*Information shown*.
====

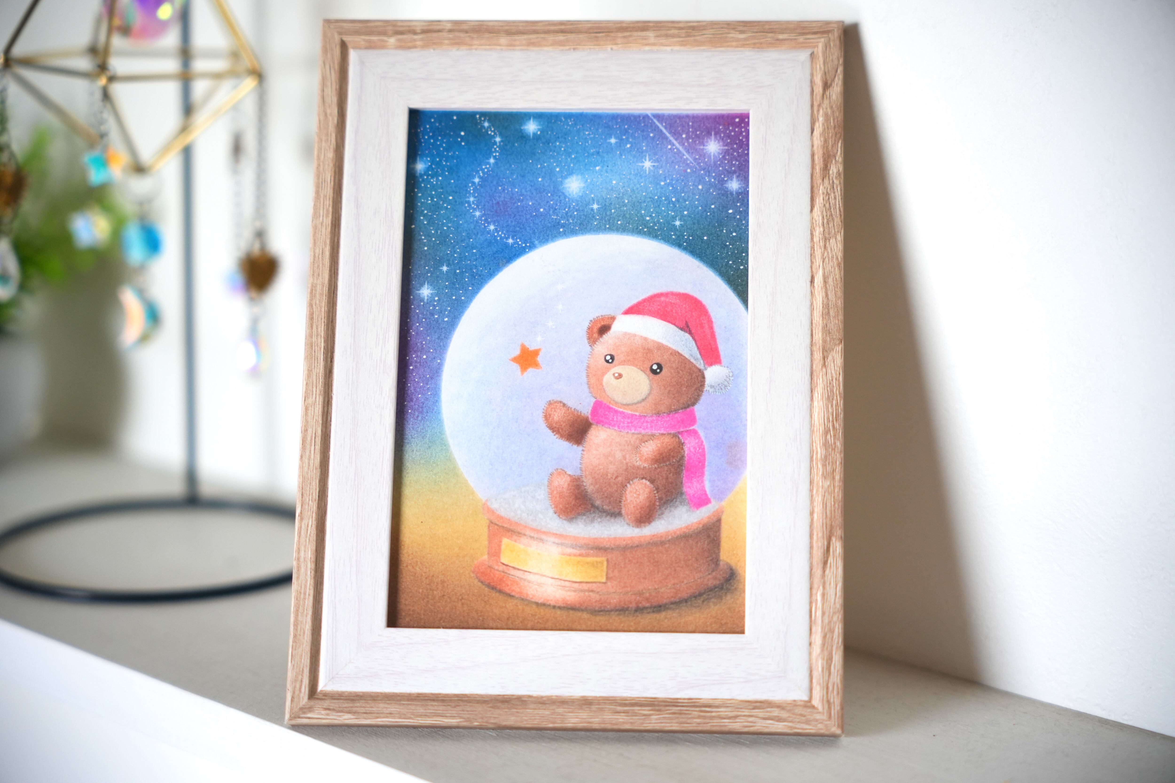 ・パステル画材を粉にして塗る技法のため、写真に映らないほどの汚れがある場合がございます。
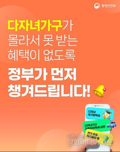 시민행정신문 장규호 기자 | ■ 다자녀가구가 몰라서 못 받는 혜택이 없도록 정부가 먼저 챙겨드립니다!
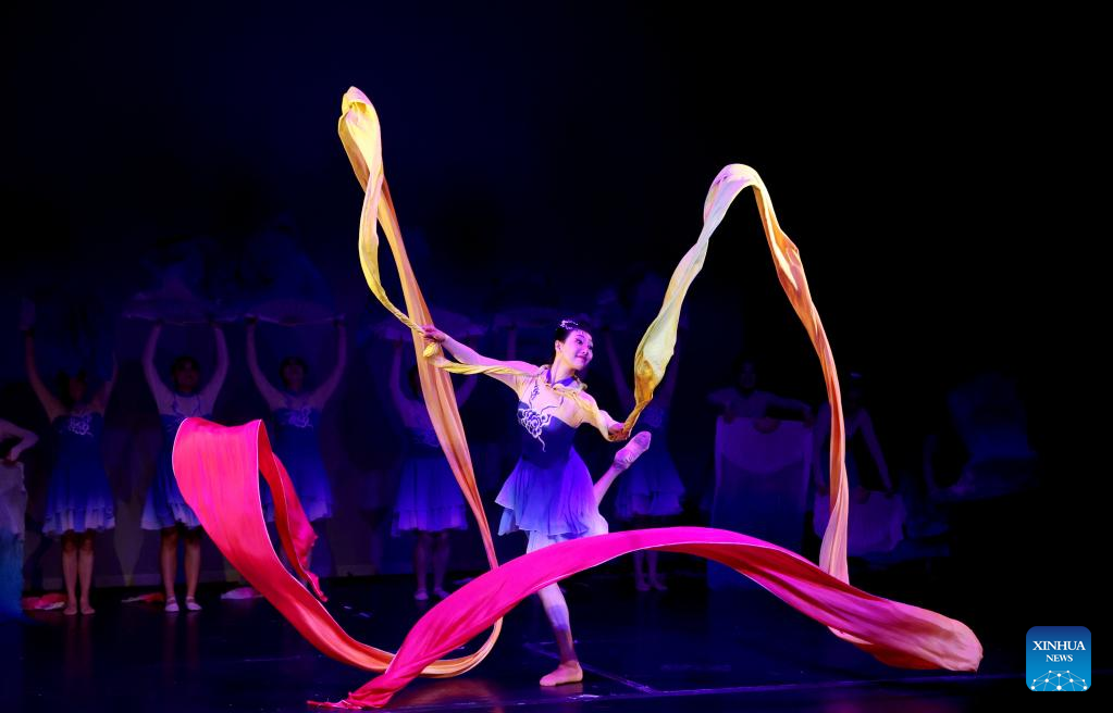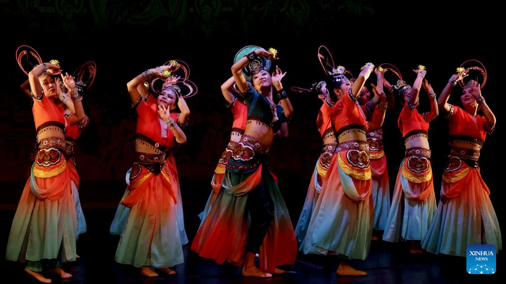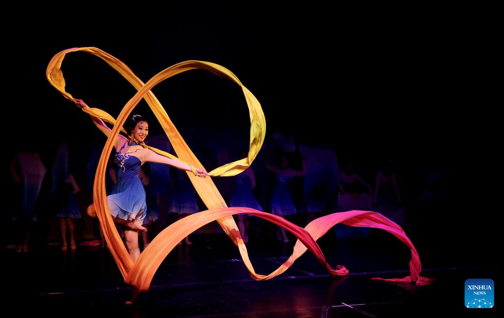 Artists perform during the Silk Road Dance Festival in London, Britain, July 1, 2023. A Chinese dance show was held in east London on Saturday evening, offering the local audience a sensory cultural feast. (Xinhua/Li Ying)

====

*Exercise description*.
No image belongs in the copy. Transcribe the full listing verbatim.

*Task response*.
 ・パステル画材を粉にして塗る技法のため、写真に映らないほどの汚れがある場合がございます。
 시민행정신문 장규호 기자 | ■ 다자녀가구가 몰라서 못 받는 혜택이 없도록 정부가 먼저 챙겨드립니다!
 Artists perform during the Silk Road Dance Festival in London, Britain, July 1, 2023. A Chinese dance show was held in east London on Saturday evening, offering the local audience a sensory cultural feast. (Xinhua/Li Ying)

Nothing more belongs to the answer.